### INPUT

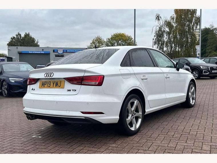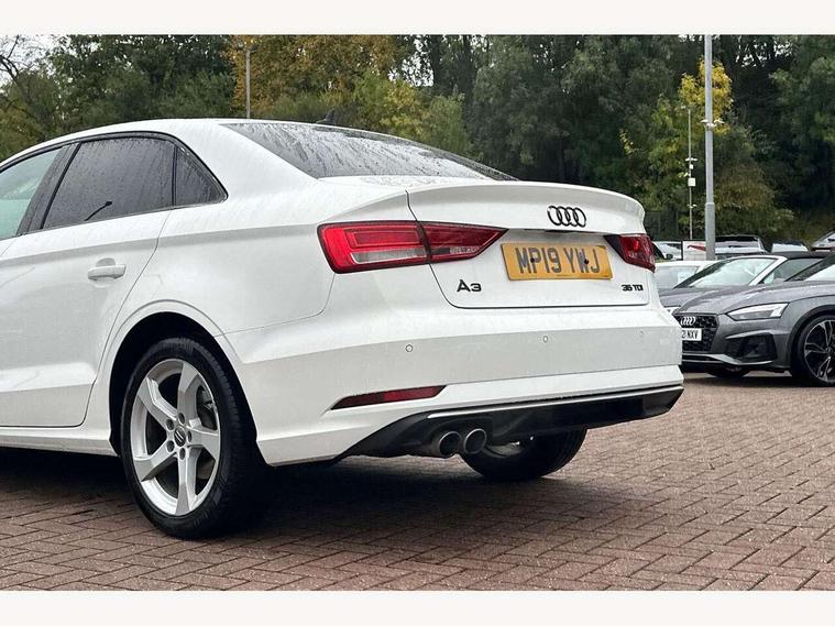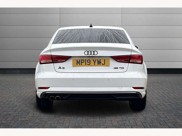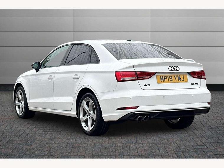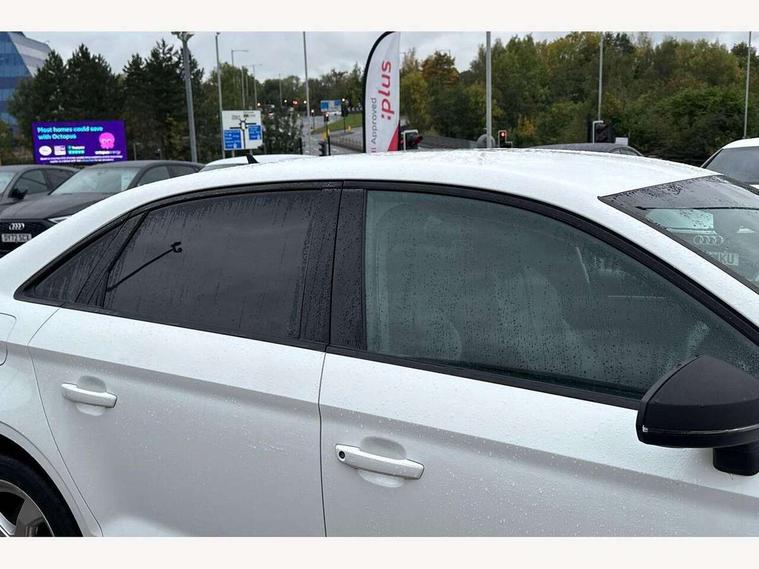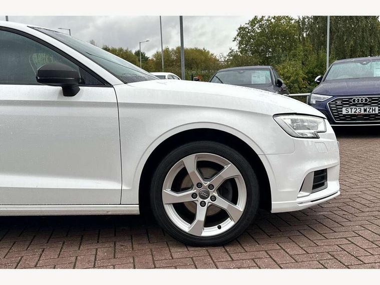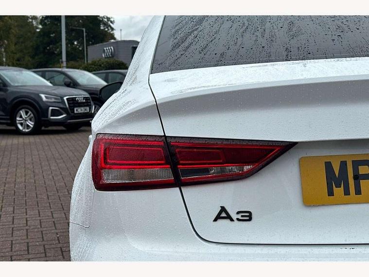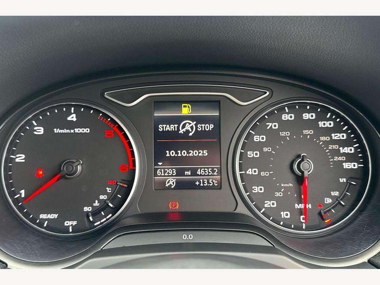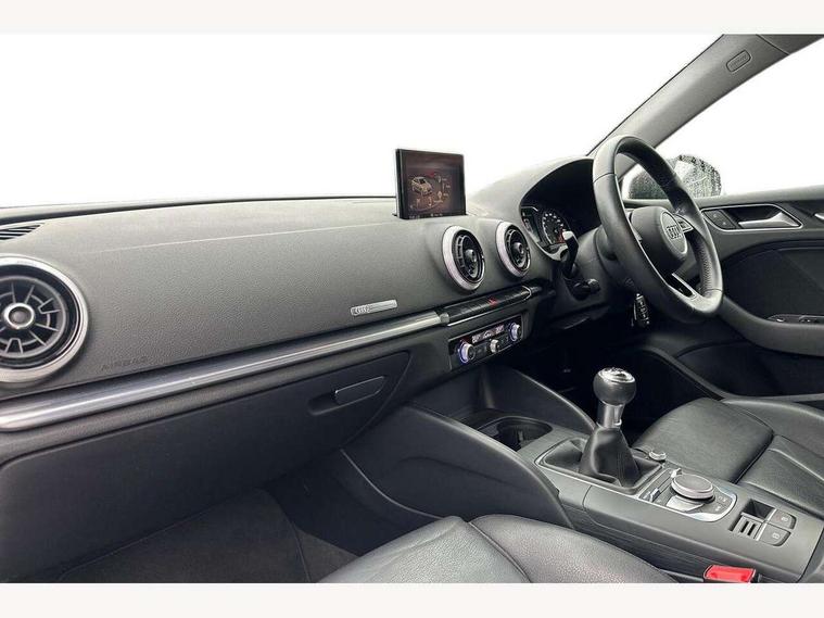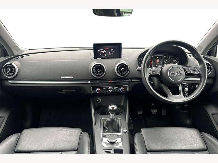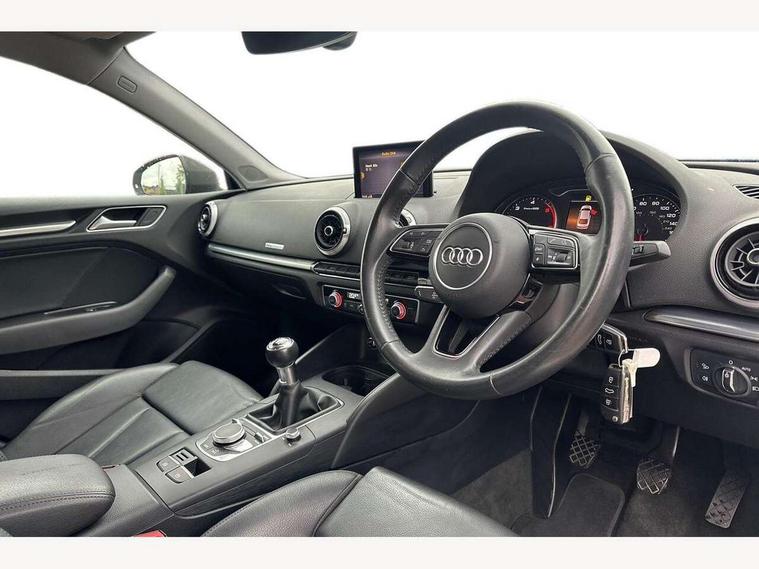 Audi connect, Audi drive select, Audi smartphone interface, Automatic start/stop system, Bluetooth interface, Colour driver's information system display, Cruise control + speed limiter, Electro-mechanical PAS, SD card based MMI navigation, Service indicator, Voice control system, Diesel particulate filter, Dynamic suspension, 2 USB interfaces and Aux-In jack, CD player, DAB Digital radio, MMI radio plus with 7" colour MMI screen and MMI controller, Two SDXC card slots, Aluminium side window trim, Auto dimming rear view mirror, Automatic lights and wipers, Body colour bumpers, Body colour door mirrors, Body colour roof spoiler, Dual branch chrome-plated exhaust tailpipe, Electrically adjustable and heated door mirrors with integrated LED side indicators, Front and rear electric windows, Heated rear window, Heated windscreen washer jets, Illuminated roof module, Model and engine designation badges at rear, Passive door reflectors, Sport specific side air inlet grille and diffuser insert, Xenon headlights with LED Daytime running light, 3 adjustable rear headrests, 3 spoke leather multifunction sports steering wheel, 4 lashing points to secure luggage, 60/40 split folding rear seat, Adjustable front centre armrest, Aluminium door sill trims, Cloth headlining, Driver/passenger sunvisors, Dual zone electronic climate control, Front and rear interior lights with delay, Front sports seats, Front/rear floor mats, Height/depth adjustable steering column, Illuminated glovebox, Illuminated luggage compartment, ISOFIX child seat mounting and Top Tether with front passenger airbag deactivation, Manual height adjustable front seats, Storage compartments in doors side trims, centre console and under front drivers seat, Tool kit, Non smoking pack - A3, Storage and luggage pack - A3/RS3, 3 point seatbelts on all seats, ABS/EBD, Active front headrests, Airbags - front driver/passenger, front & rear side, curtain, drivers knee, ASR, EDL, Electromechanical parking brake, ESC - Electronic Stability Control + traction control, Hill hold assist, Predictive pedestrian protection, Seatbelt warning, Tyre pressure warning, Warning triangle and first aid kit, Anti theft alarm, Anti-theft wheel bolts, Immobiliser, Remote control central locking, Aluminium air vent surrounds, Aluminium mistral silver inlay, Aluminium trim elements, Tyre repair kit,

######
### INPUT

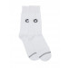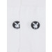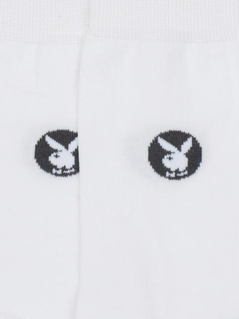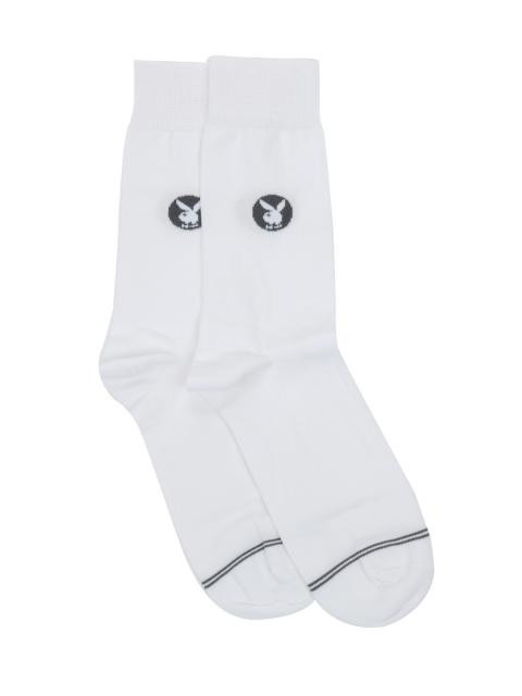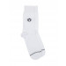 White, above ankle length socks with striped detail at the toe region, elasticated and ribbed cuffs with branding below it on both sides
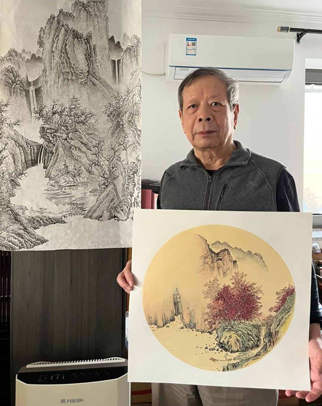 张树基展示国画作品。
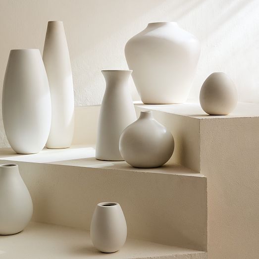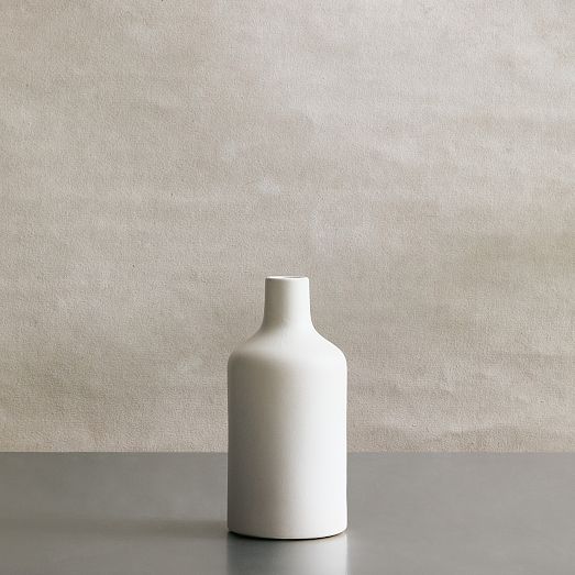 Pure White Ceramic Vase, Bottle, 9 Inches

######
### INPUT

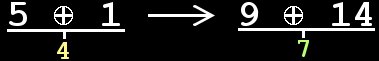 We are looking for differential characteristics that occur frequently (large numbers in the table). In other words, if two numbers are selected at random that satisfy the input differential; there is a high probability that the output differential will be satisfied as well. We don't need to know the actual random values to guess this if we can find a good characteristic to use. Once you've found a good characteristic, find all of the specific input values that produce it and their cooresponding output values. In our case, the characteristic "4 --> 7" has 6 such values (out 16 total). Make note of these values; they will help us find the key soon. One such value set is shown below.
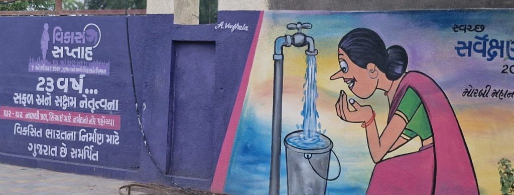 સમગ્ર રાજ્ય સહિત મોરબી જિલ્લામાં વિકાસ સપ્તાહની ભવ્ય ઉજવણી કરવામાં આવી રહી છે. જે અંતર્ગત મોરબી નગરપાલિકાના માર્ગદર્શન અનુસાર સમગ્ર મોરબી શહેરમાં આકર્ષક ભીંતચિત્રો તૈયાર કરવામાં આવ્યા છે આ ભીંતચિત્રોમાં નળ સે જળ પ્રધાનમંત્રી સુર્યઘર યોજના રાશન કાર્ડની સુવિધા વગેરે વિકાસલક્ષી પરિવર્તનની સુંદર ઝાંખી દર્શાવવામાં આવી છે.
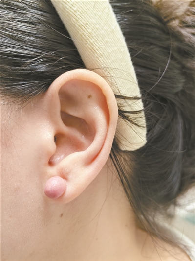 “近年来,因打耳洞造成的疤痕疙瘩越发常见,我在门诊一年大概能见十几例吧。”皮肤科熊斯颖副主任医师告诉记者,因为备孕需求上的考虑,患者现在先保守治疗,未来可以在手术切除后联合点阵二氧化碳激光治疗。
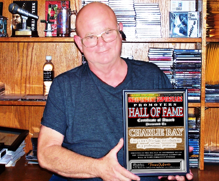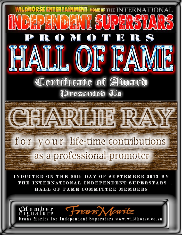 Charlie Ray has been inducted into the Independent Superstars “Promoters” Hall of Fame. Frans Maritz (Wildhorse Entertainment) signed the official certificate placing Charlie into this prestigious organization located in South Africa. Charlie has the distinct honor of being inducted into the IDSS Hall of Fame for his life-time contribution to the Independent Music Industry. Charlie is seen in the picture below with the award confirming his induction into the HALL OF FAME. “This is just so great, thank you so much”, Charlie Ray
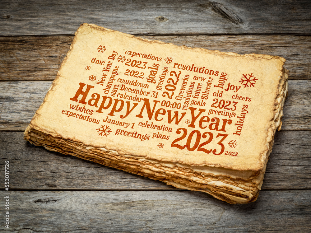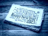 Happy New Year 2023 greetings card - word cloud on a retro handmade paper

######

TO DO ▸ Give again, exactly as written above, each line from the one that has "Charlie Ray has" to the one that has "Happy New Year", both included; omit the pictures.

PROBLEM SOLUTION ▸
 Charlie Ray has been inducted into the Independent Superstars “Promoters” Hall of Fame. Frans Maritz (Wildhorse Entertainment) signed the official certificate placing Charlie into this prestigious organization located in South Africa. Charlie has the distinct honor of being inducted into the IDSS Hall of Fame for his life-time contribution to the Independent Music Industry. Charlie is seen in the picture below with the award confirming his induction into the HALL OF FAME. “This is just so great, thank you so much”, Charlie Ray
 Happy New Year 2023 greetings card - word cloud on a retro handmade paper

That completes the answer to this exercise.